Stephen Korte grew up on the family farm watching old John Wayne movies, dreaming of the day he’d be tough enough to take on the bad guys. However, as he grew older, those dreams faded and didn’t resurface until his freshman year of college. “A lot of the guys on my floor of the dorm were criminal justice majors and it kind of stirred something – and I thought that sounded interesting. My family had always placed a high priority on community service, whether in civic organizations or church, so I decided to switch from an ag major to criminal justice as my way of serving. However, after one year, I decided college wasn’t for me and I joined the Navy,” he said.
When he returned home, he joined the reserves and took a construction job. But as a married man with a child, he decided he needed to work in a field that was more stable and less dependent upon the weather so in December 1996, he applied at the Montgomery County Sheriff’s Office. When the Pike County chief deputy heard, he encouraged him to apply there. He did — and started work as a jailer a couple days later. Soon after, he transferred to communications as one of Pike County’s original 911 dispatchers. He held that job until January 1999, when he attended the Law Enforcement Training Institute in Columbia.

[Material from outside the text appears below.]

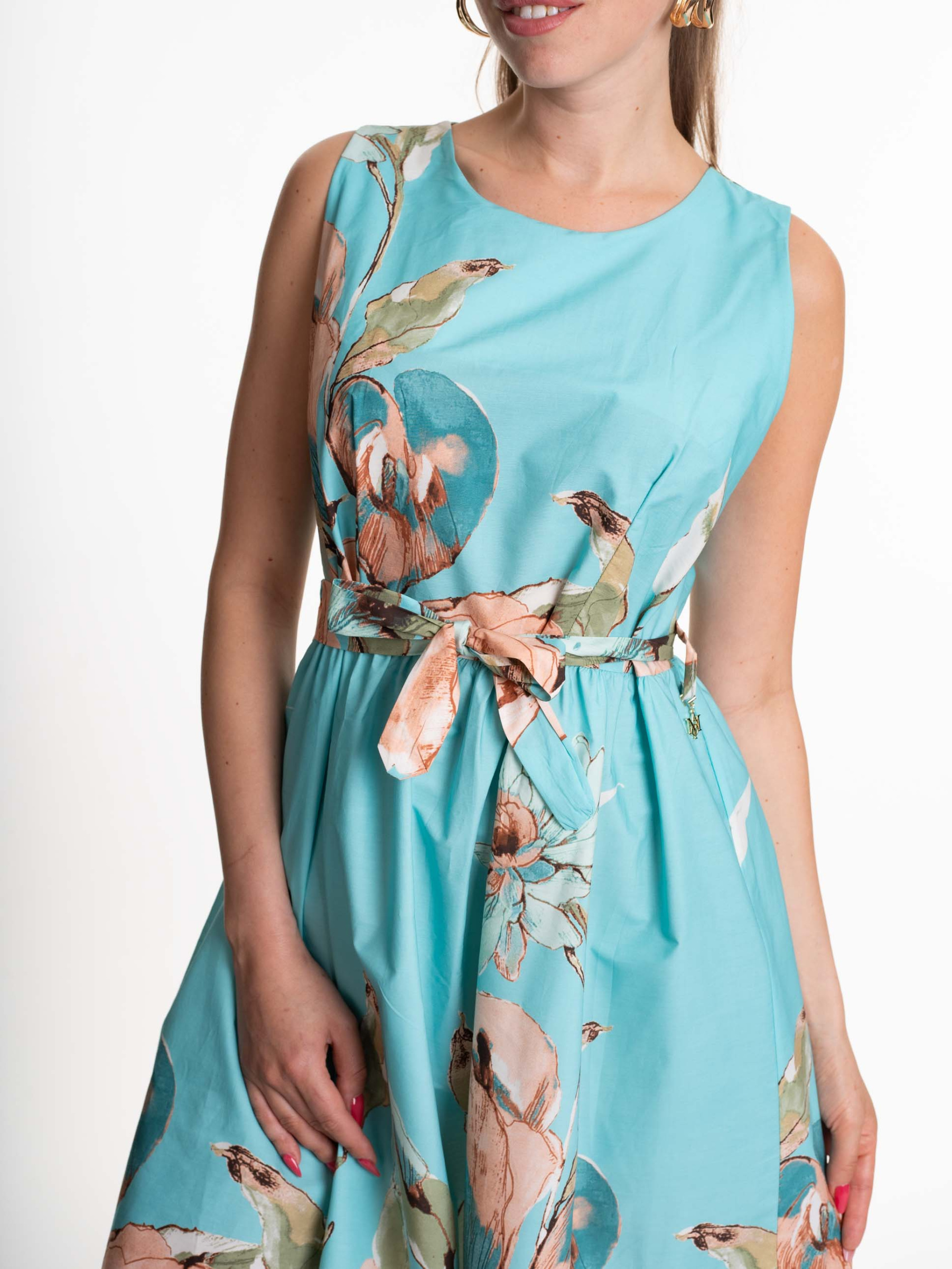 Fix anyagból készült ruha bélelt mellrésszel, hátán gombos záródással, saját anyagából készült megkötővel, mosáshoz levehető kis fém márkajelzéssel.
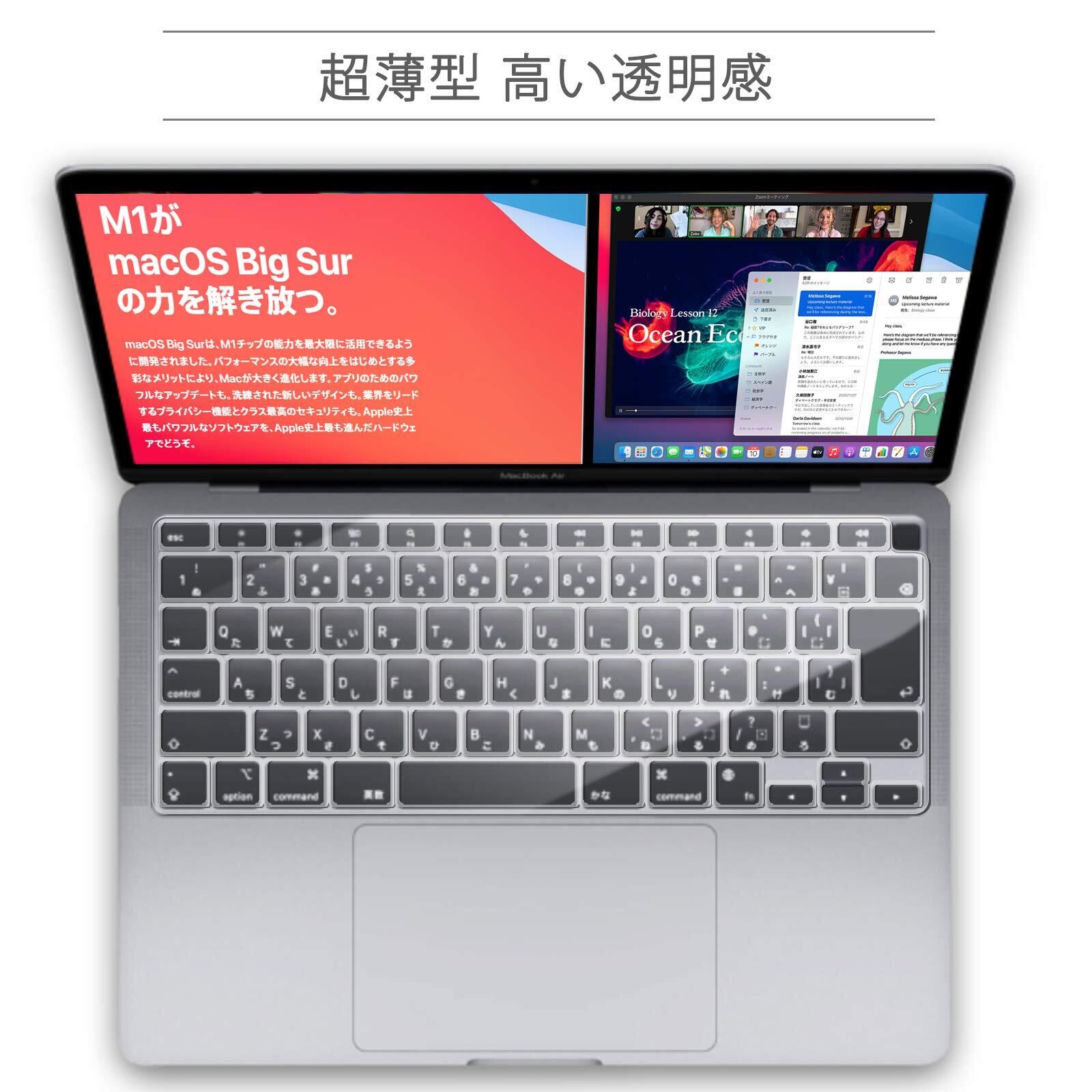 【2020年11月最 M1チップ 搭載 モデル】Macbook Air 13 2020 A2337/A2179用 キーボードカバー 日本語JIS配列 極薄 高い透明感 防水 防塵 耐磨 マックブック エアー 13インチ 保護 フィルム

“It was just the natural progression — the next step — in serving my community,” he explained.
After graduation, he worked as a road deputy for two years, then left the sheriff’s office and later, took a part-time job with the Bowling Green Police Department while also working part time for Ag Services. Then in 2004, he was deployed to Iraq for seven months, serving with the United States Naval Construction Battalions, better known as the “Seabees.” When he returned home, he went back to the Bowling Green PD as a fulltime officer. Over the next four years, he was deployed for another seven-month period during the winter of 2007-2008 with the military and was promoted to sergeant with the police department. He held that position until he was elected sheriff of Pike County in 2008.
Sheriff Korte said he ran for office because he felt the community was ready for change and he was the one who could provide it.
“The former sheriff did a good job but he had been there 20 years. I had new ideas and felt my experience in leadership positions in both law enforcement and the military would allow me to do a good job. I guess the community agreed because I was elected,” he said, adding that although he wasn’t met with any big surprises in his new position, he was expecting to get out of the office more. “I found that running the sheriff’s office is really like running a business. You have to manage the different departments, anticipate changes, oversee human resources, keep watch over the jail and operate within your budget. Most people don’t realize that as sheriff, you alone are responsible for how your entire office runs. It’s not like a municipal department where the mayor, city administrator and board make a lot of the decisions.”
One of his goals was to take a more proactive stance on criminal investigations and narcotics and another was to add staff to provide more service to the citizens. He accomplished both soon after taking office. He also undertook a small and inexpensive remodeling project that added 16 more bunks in the jail, taking them from 34 to 50 beds, “And we manage to keep them full most of the time!”
During his first year in office, Sheriff Korte also completed the former sheriff’s plan to update technology by bringing in a new server-based CAD RMS/JMS (records management system and jail management system).
Since that time, he’s focused on increasing their presence in the community. As part of that plan, this year they partnered with Bowling Green R-I School District to provide a fulltime school resource officer. The sheriff said he’s hoping to eventually bring the program to all schools in Pike County.
He said he also plans to continue working at solving past crimes to get restitution for victims, and to continue their proactive stance against illegal narcotics to curtail new crimes.
“We’re members of the East Central Drug Task Force and work very closely with them but we also have our own drug investigators. That pays off in more ways than one because the people involved in illegal drugs are also the ones out there stealing. Proactively investigating illegal drug activity has helped us solve a majority of our reported property crimes,” he said.
Sheriff Korte and his wife Angi have seven children, many of whom like to play sports, so when he’s not serving his community from behind the desk, he’s serving on the field or court as a softball, football, soccer or basketball coach, as a member of the VFW and as an active member of his church.
“I do what I can for my community. That’s what initially led me to this career and I plan to continue because that’s just who I am,” he said.